Before we can describe a computer, we have to say what it is. That is easier said than done because there are different types of computer and the nature of the computer has evolved over the years. For our current purposes, we can say that a computer is a device that executes or runs a program, and a program is a sequence of operations (or instructions). A computer must have three elements. First, a memory that holds the instructions. Second, a mechanism that fetches the instructions from memory. Third, a mechanism that executes the instructions. In practice, a real computer needs a fourth element; that is, an input/output device that takes in information from the outside world and delivers new information to the outside world. In the case of the personal computer, typical input devices are the mouse and keyboard, and a typical output device is the screen.

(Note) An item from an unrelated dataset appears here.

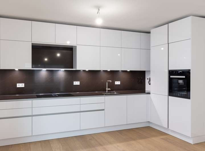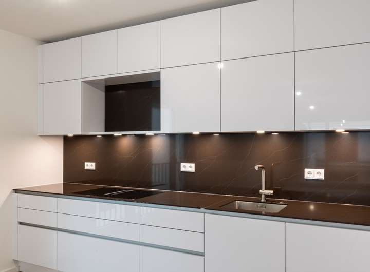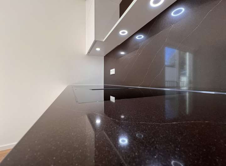 - Re-Stoning Arbeitsplatte und Nischenrückwand in "marrone vene" (dunkel)

In the case of an aircraft input devices may be sensors that measure speed, aircraft location, aircraft heading, aircraft pitch, and output devices may be the actuators that move the flying surfaces (rudder, ailerons, and elevator) and the power throttles.

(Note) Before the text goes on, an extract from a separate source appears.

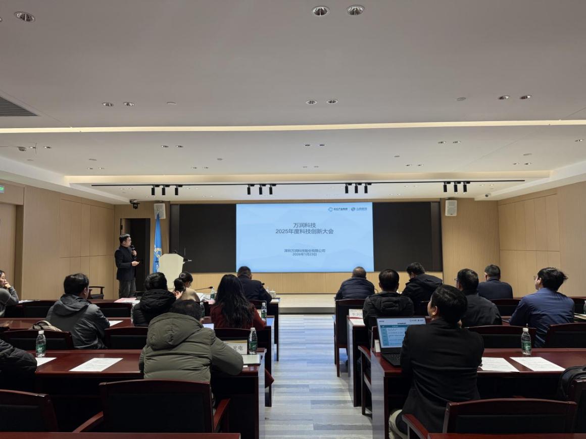 2026年1月23日,万润科技召开2025年度科技创新大会,公司科技创新委员会成员及各子公司研发团队代表共同参会。本次大会围绕“科技创新奖评审”与《2025年万润科技重点研发项目调研白皮书》发布两大核心议程展开,既全面展示了公司年度科技创新成果,又为后续科研项目规范化管理、高效化推进明确方向。

Figure 1 describes the organization of the conventional digital computer. This is simplified (partially because there may be multiple memories, control units, and even ALUs). However, in principle, it describes the elements that all digital computers have has since the late 1940s.
Figure 1 The stored program digital computer
We have not mentioned data. Where does that fit into the von Neumann model? Data is the information processed by the computer; for example if you wrote a program to calculate y = p2+ q 2 we could say that the data is y, p, q, p2 and q2. All input devices convert physical quantities (e.g., moving a mouse or hitting a key) into data.
The very first computers were really (by today’s standards) calculating devices. They could receive data but there was no program in the sense that it is now used; that is, the computer performed a sequence of operations that were predetermined by the hardware of the computer and could not (easily) be changed. You may wonder why anyone would make such a computer. In the 1940s the military wanted to calculate rapidly where to point large guns in order to hit distant targets. To do this, you have to perform complex calculations that take into account atmospheric conditions and even the rotation of the earth.
The breakthrough in computer design came with the notion of the stored program. If a program is represented as data and stored in memory, you can change the data (program) and make the computer do anything you want. That is, you can program it.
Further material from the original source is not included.